Each line of the data below that includes the string "with" must be copied.

#### Recorded data:
━━━━
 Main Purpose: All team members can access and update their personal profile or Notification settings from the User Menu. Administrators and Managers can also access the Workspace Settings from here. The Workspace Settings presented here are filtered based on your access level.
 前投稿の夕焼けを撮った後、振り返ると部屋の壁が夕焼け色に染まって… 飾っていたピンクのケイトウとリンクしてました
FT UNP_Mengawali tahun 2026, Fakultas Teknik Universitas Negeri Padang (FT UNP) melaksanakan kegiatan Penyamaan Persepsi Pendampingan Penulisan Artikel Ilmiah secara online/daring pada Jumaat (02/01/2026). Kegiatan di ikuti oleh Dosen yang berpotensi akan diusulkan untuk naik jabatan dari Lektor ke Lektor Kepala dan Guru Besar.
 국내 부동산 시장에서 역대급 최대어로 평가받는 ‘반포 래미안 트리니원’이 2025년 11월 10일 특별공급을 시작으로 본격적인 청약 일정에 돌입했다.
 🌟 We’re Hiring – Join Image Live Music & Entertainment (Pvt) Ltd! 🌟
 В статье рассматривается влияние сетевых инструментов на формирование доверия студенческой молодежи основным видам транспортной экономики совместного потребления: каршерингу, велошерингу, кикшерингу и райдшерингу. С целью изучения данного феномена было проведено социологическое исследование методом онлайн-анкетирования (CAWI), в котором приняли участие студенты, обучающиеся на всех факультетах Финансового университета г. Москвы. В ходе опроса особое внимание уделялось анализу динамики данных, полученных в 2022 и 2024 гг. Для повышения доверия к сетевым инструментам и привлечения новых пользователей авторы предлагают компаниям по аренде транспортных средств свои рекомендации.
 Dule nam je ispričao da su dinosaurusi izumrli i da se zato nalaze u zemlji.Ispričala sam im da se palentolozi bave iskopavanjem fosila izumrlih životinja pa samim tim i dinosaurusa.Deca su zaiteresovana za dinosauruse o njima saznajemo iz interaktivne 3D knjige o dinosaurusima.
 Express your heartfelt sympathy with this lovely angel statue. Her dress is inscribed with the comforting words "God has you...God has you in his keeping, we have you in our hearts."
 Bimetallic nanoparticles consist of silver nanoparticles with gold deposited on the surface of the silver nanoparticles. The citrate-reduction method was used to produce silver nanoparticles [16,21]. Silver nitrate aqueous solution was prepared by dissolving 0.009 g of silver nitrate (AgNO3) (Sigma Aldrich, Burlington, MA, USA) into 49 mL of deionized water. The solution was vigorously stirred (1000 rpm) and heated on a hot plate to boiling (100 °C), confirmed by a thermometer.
━━━━
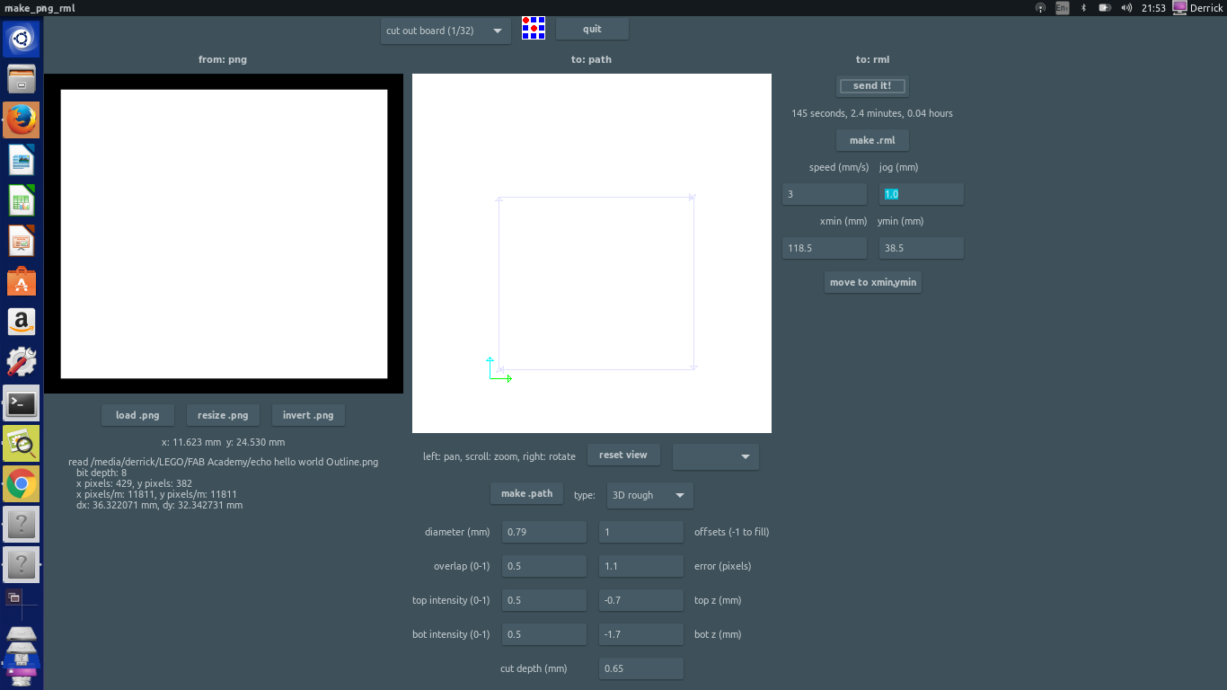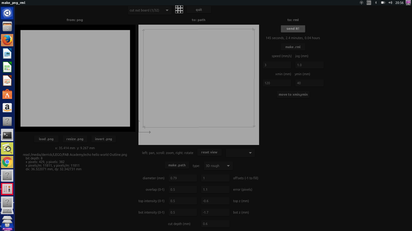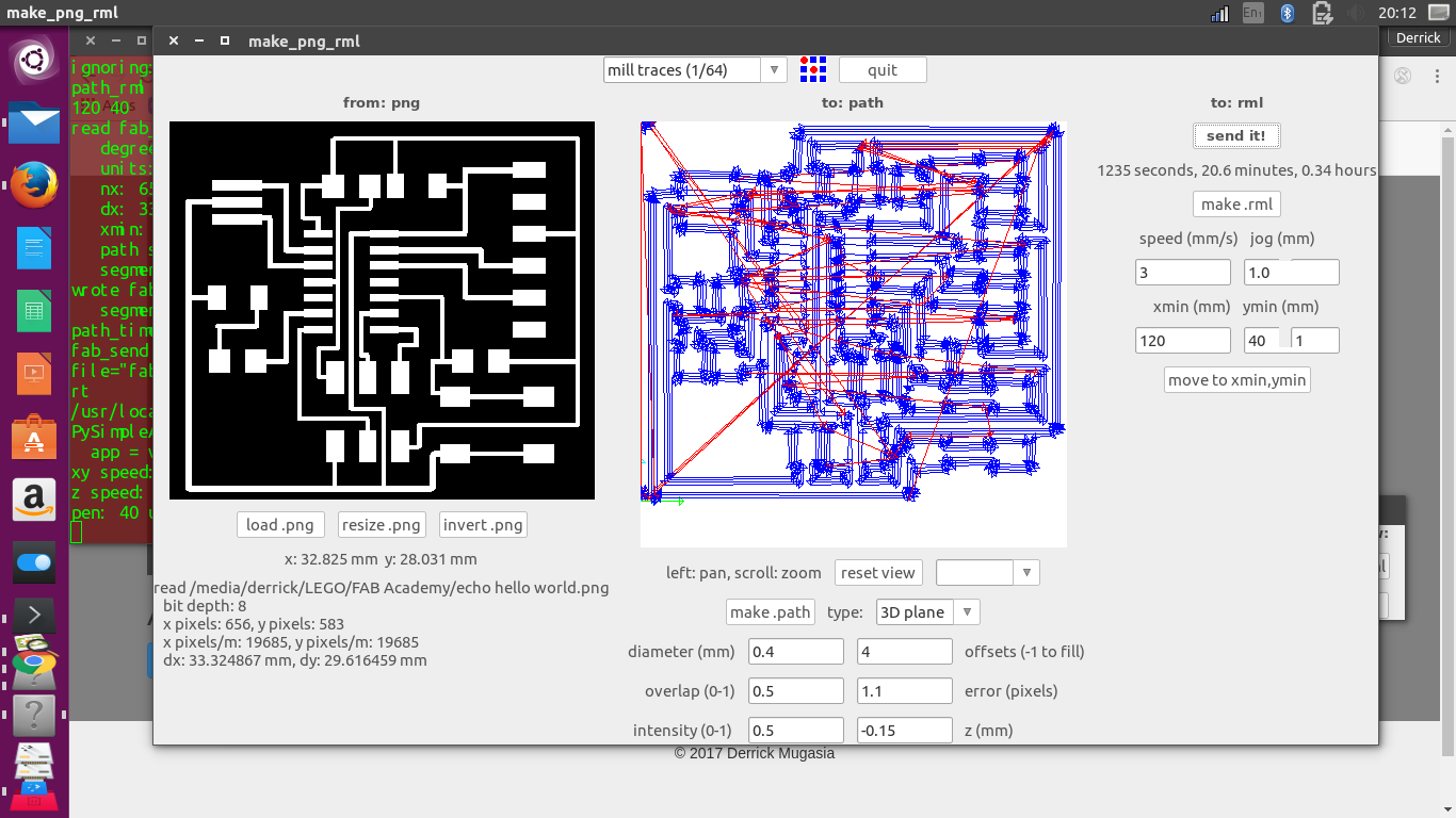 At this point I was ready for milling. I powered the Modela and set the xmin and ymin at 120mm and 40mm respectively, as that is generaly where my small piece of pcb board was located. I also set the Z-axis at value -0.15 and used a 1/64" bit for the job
━━━━
#### Your response:
 Express your heartfelt sympathy with this lovely angel statue. Her dress is inscribed with the comforting words "God has you...God has you in his keeping, we have you in our hearts."
 Bimetallic nanoparticles consist of silver nanoparticles with gold deposited on the surface of the silver nanoparticles. The citrate-reduction method was used to produce silver nanoparticles [16,21]. Silver nitrate aqueous solution was prepared by dissolving 0.009 g of silver nitrate (AgNO3) (Sigma Aldrich, Burlington, MA, USA) into 49 mL of deionized water. The solution was vigorously stirred (1000 rpm) and heated on a hot plate to boiling (100 °C), confirmed by a thermometer.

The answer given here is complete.